> **WORK REQUEST**
Images are to be dropped, and the rest of the data reproduced exactly.

> **DATASET SECTION**
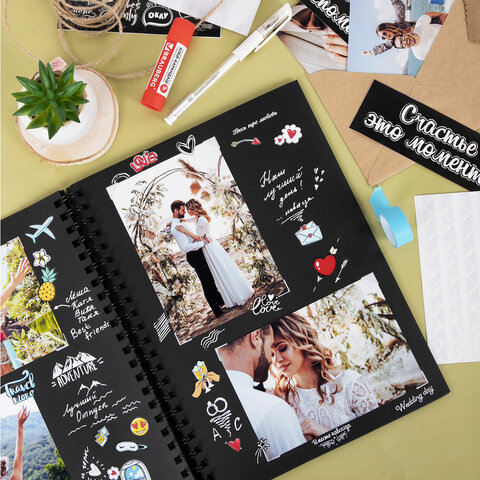 Фотоальбом "Счастье – это моменты" 24 чёрных листа 22x30, уголки, стикеры, ручка, клей, BRAUBERG, 391310
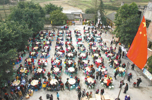 昨日,永川宝峰镇小学,重庆车友会摆70余桌请该校师生吃新年饭,并转交香港警察协会捐赠的物资。记者 李斌 摄
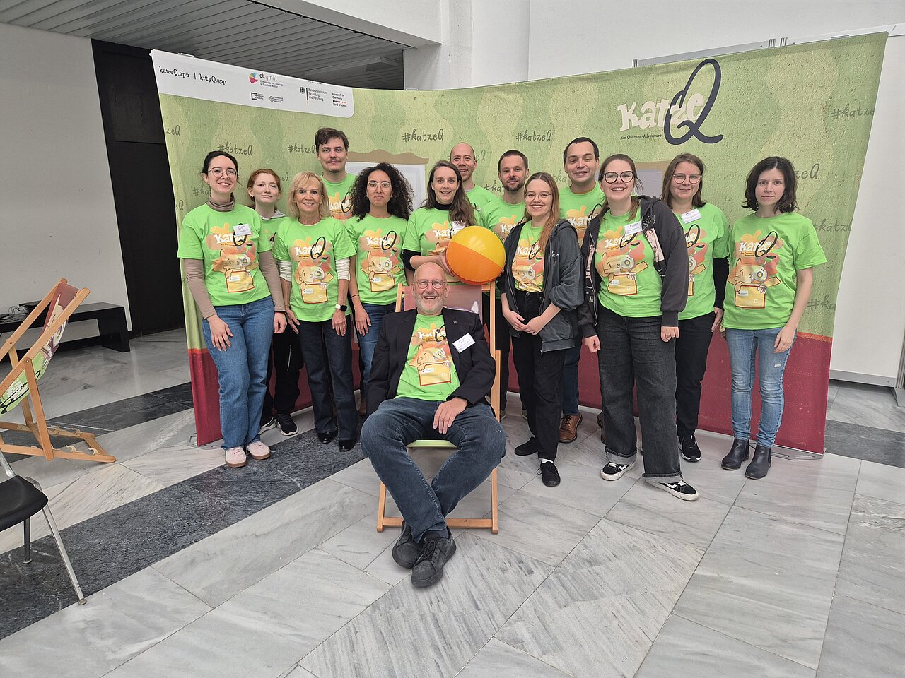 Ein besonderes Highlight wartete im Anschluss im Lichthof der Neuen Uni: In der „Katze Q Gaming Lounge“ tauchten die Kinder noch tiefer in die Welt der Quanten ein und entdeckten im „Quanten-Adventure“ zusammen mit Schrödingers Ur-Enkelin Anna und Katze Q die Quantenwelt auf spielerische Art. Am Stand nebenan durften sie Ausmalbilder und Quantenknobeleien mit nach Hause nehmen.

> **RESPONSE FOR THIS EXERCISE**
 Фотоальбом "Счастье – это моменты" 24 чёрных листа 22x30, уголки, стикеры, ручка, клей, BRAUBERG, 391310
 昨日,永川宝峰镇小学,重庆车友会摆70余桌请该校师生吃新年饭,并转交香港警察协会捐赠的物资。记者 李斌 摄
 Ein besonderes Highlight wartete im Anschluss im Lichthof der Neuen Uni: In der „Katze Q Gaming Lounge“ tauchten die Kinder noch tiefer in die Welt der Quanten ein und entdeckten im „Quanten-Adventure“ zusammen mit Schrödingers Ur-Enkelin Anna und Katze Q die Quantenwelt auf spielerische Art. Am Stand nebenan durften sie Ausmalbilder und Quantenknobeleien mit nach Hause nehmen.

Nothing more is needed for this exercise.